- **GOAL OF THE EXERCISE**:
Retype the records below exactly as given, but only from the first line through the line with "Wiele osób nie", and without the pictures.

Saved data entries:
*** Block opens ***

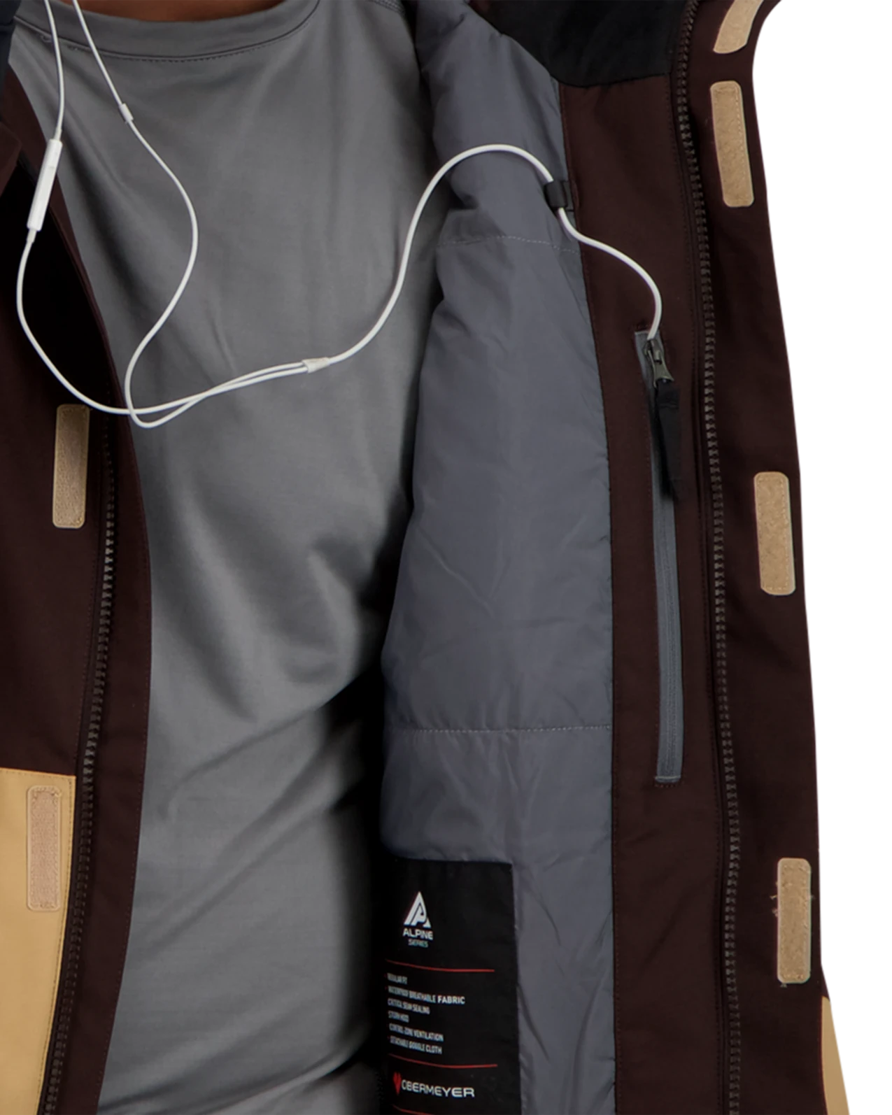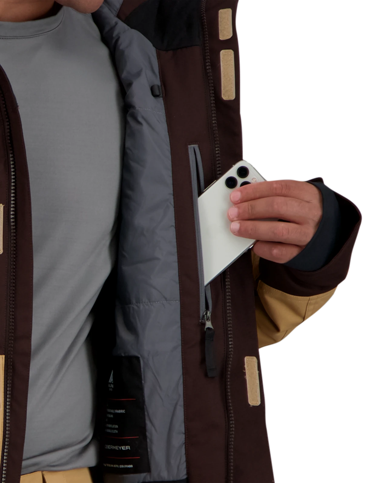 - Zipper chest pocket and handwarmer pockets; zipper pass pocket; electronics and goggle pockets for essential storage
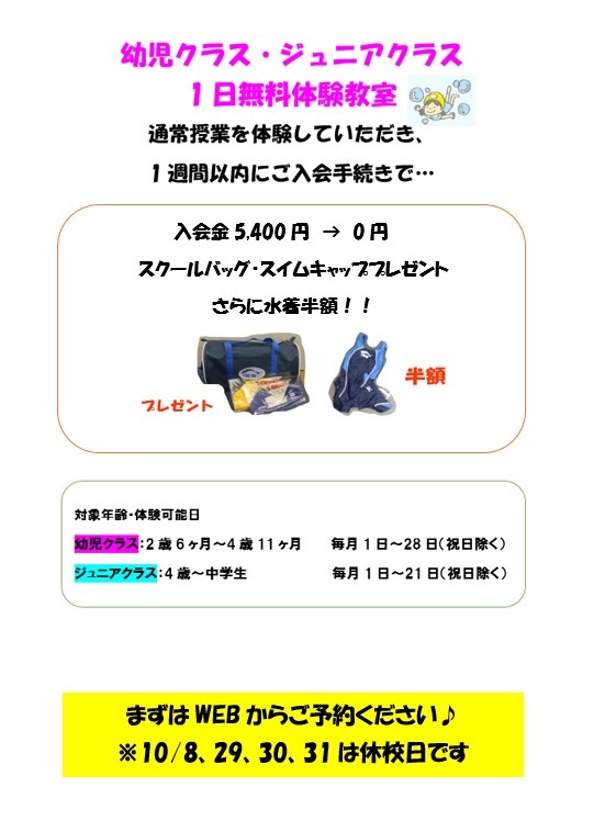※過去に体験を受けたことのある方、再入会の方は対象外です。
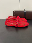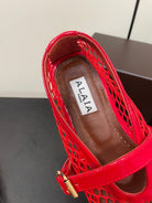 ALAIA BALLET FLATS IN CHERRY RED MESH FISHNET
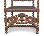 Antique 18th Century Jacobean Baroque Carved Walnut Arm Chair With Caned Seat & Back and Barley Twist Turnings
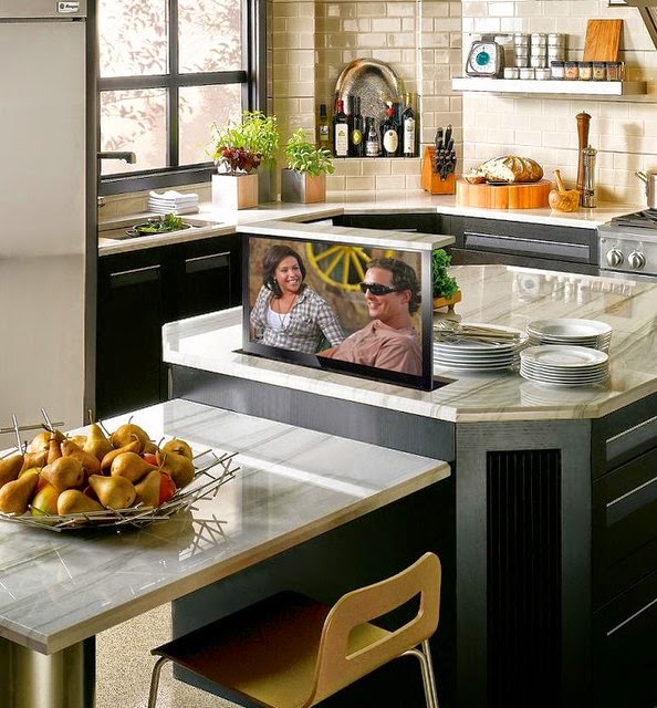Wiele osób nie wyobraża sobie kuchni bez telewizora, w nowoczesnych kuchniach niejednokrotnie czarny ekran nie pasuje do pięknej zabudowy. Wówczas możemy ukryć sprzęt w meblach, w taki sposób by był nie widoczny kiedy jest wyłączony.
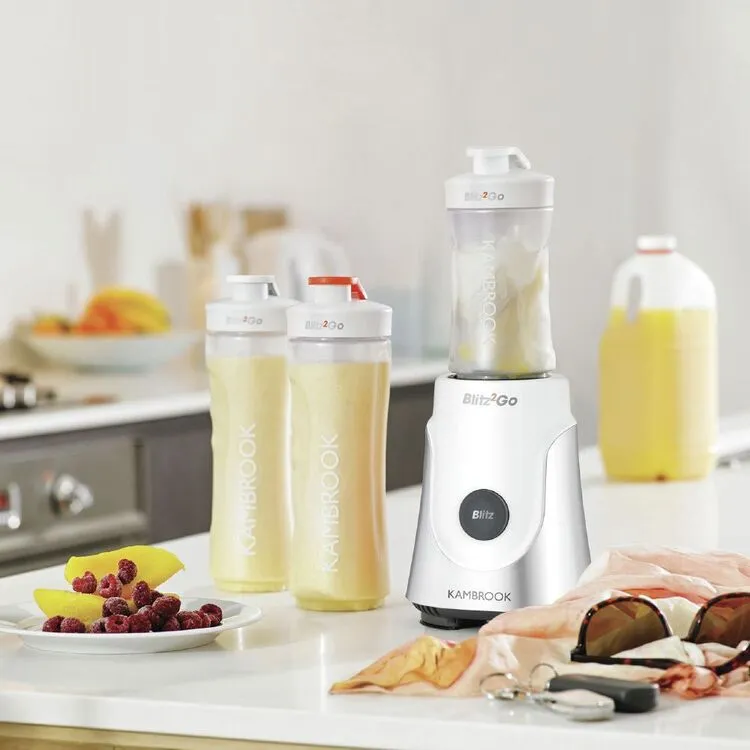 Blend and drink smoothies, juices and protein shakes from the same handy bottle with the Kambrook Blitz-2-Go Personal Blender. Great for home or on the move, take the Blitz-2-Go to work or the gym, it even fits in most car cup holders. Stainless steel blades make short work of fruits, seeds, ice, and more, ensuring smooth blended drinks.
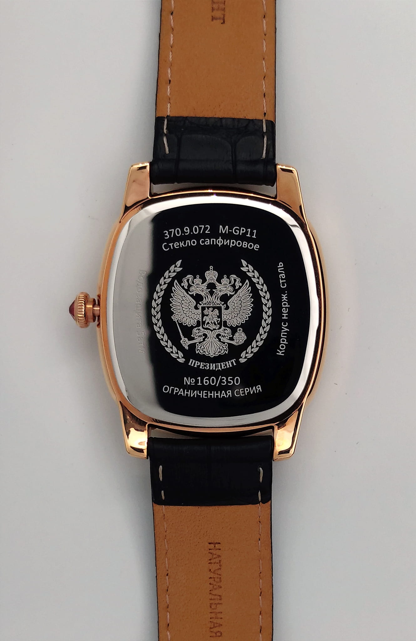 Часы «Президент» модели 3709072 — это мужские кварцевые наручные часы, сочетающие элегантный дизайн и надёжность. Механизм: японский кварцевый механизм Miyota GP11, обеспечивающий высокую точность. Функции: часы, минуты, секунды и дата. Корпус: из нержавеющей стали с PVD-покрытиемPVDУльтратонкое покрытие наносится в технике вакуумного напыления, сочетает в себе нитрид титана особой прочности со слоем золота или оксида хрома. Несёт в себе декоративную или защитную функцию. цвета розового золота, размером 41 мм х 38 мм, толщиной 9,8 мм. Стекло: сапфировоеСапфировое стеклоПрочный и надёжный материал из кристалла сапфира синтетического происхождения, характеризующийся особой твёрдостью и устойчивостью к царапинам и повреждениям., устойчивое к царапинам. Водонепроницаемость: 5 ATM (50 метров), подходящая для повседневного использования. Ремешок: кожаный, шириной 20 мм, с классической застёжкой. Эти часы являются идеальным выбором для деловых людей, ценящих стиль и функциональность.
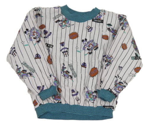 Bílá pruhovaná zateplená oboustranná mikina s Mickeym
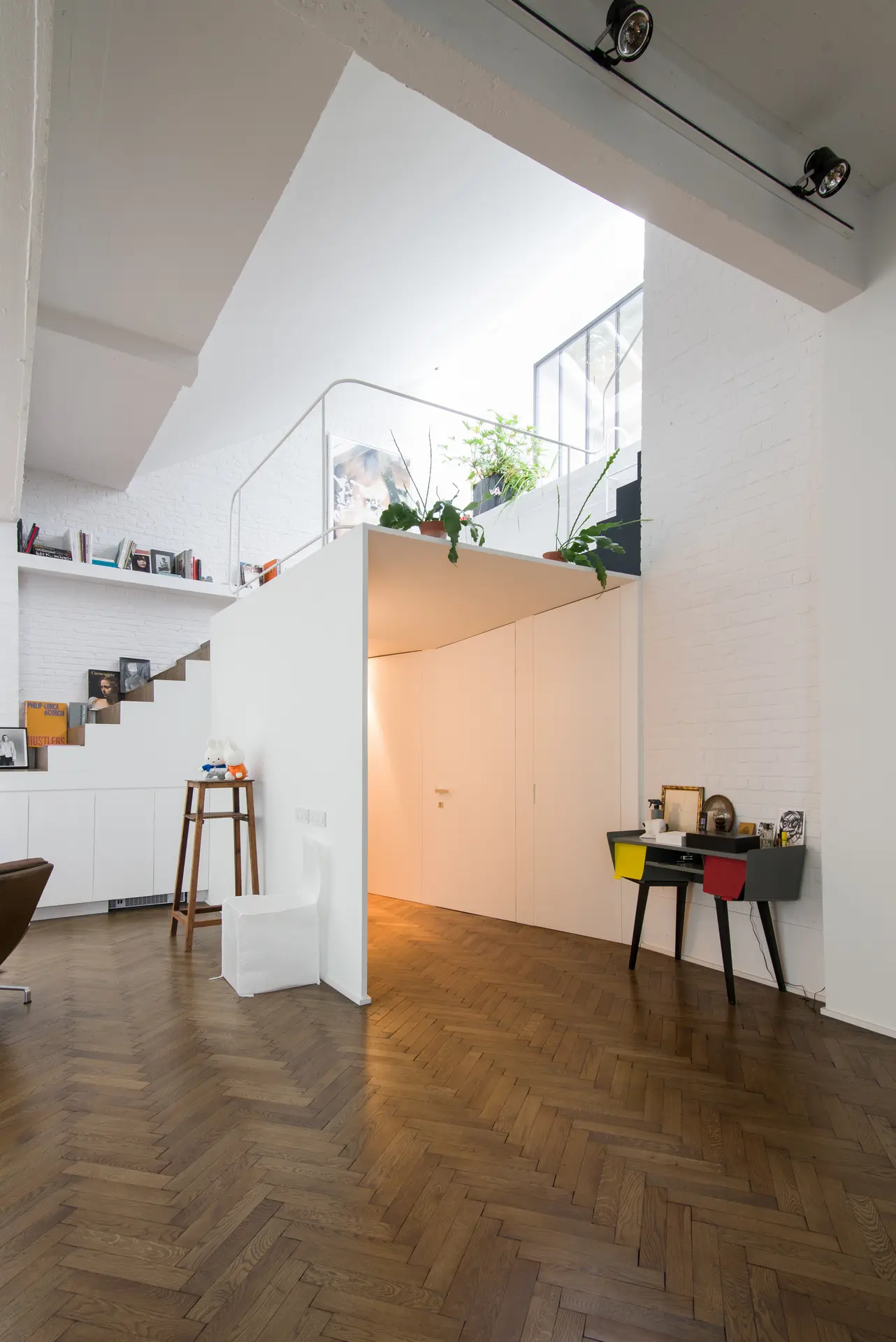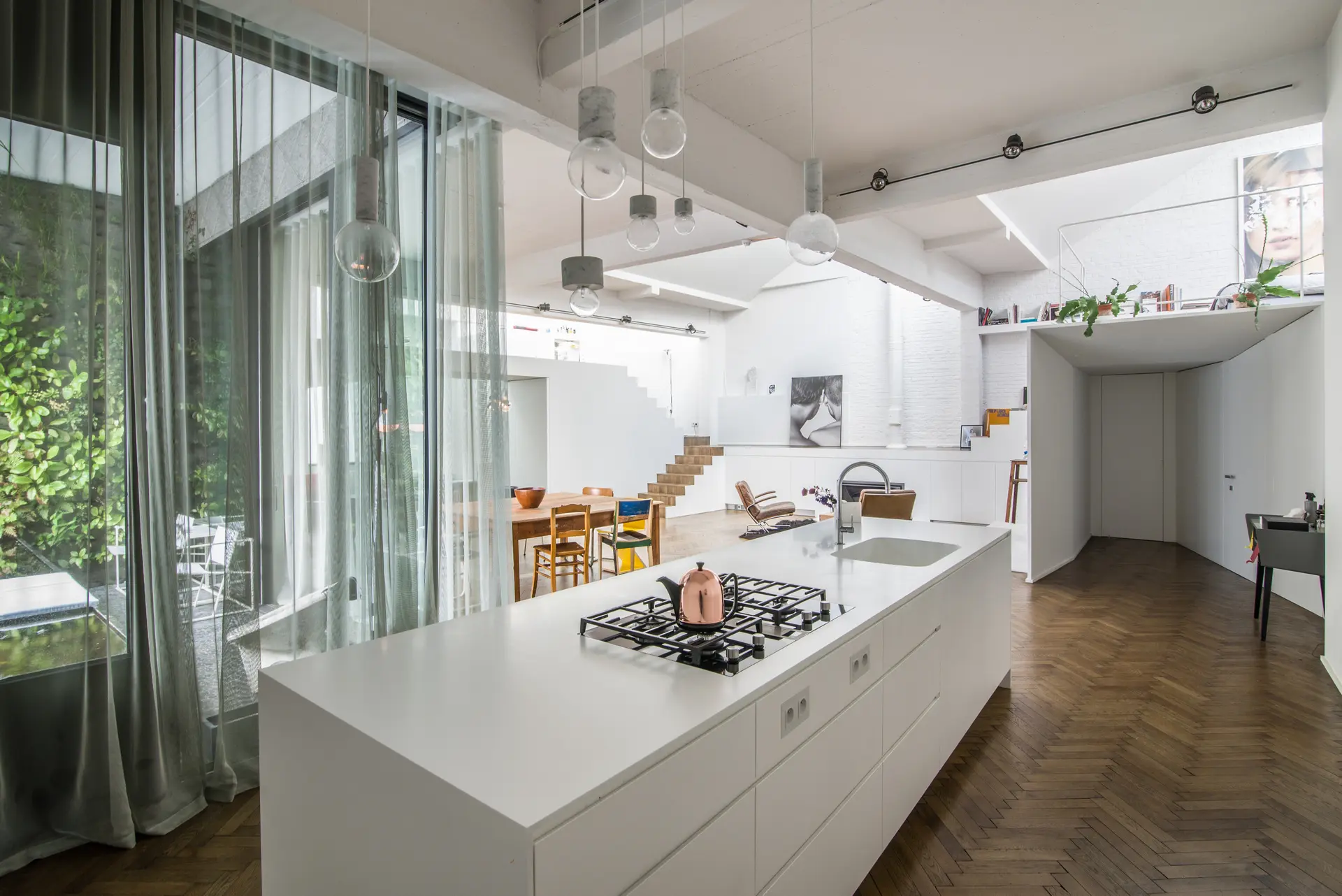 Situé au coeur du quartier de Saint-Gilles, à Bruxelles, nous avons réalisé ce projet en partenariat avec K2A, rénové et transformé complètement un bâtiment industriel en intérieur d'îlot, appartement, bureaux et commerce à front de rue.
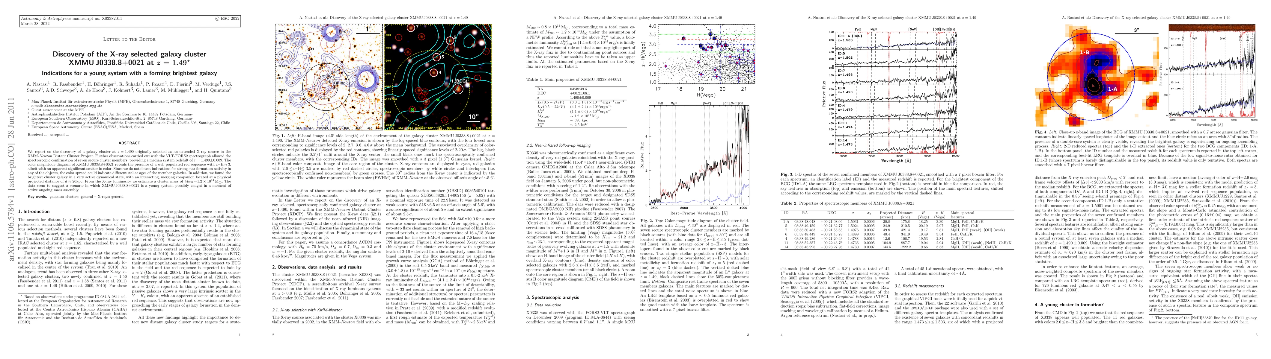 We report on the discovery of a galaxy cluster at z = 1.490 originally selected as an extended X-ray source in the XMM-Newton Distant Cluster Project. Further observations carried out with the VLT-FORS2 spectrograph allowed the spectroscopic confirmation of seven secure cluster members, providing a median system redshift of z = 1.490 +/- 0.009. The color magnitude diagram of XMMU J0338.8+0021 reveals the presence of a well populated red sequence with z-H ~ 3, albeit with an apparent significant scatter in color. Since we do not detect indications for strong star formation activity in any of the objects, the color spread could indicate different stellar ages of the member galaxies. In addition, we found the brightest cluster galaxy in a very active dynamical state, with an interacting, merging companion located at a physical projected distance of d ~ 20kpc. From the X-ray luminosity we estimate a cluster mass of M200 ~ 1.2 x 10^(14) Msun. The data seem to suggest a scenario in which XMMU J0338.8+0021 is a young system, possibly caught in a moment of active ongoing mass assembly.
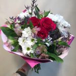 Букет из цикломеновых роз и белой хризантемы бакарди

*** Block closes ***

- **ANSWER TO THE PROBLEM**:
 - Zipper chest pocket and handwarmer pockets; zipper pass pocket; electronics and goggle pockets for essential storage
※過去に体験を受けたことのある方、再入会の方は対象外です。
 ALAIA BALLET FLATS IN CHERRY RED MESH FISHNET
 Antique 18th Century Jacobean Baroque Carved Walnut Arm Chair With Caned Seat & Back and Barley Twist Turnings
Wiele osób nie wyobraża sobie kuchni bez telewizora, w nowoczesnych kuchniach niejednokrotnie czarny ekran nie pasuje do pięknej zabudowy. Wówczas możemy ukryć sprzęt w meblach, w taki sposób by był nie widoczny kiedy jest wyłączony.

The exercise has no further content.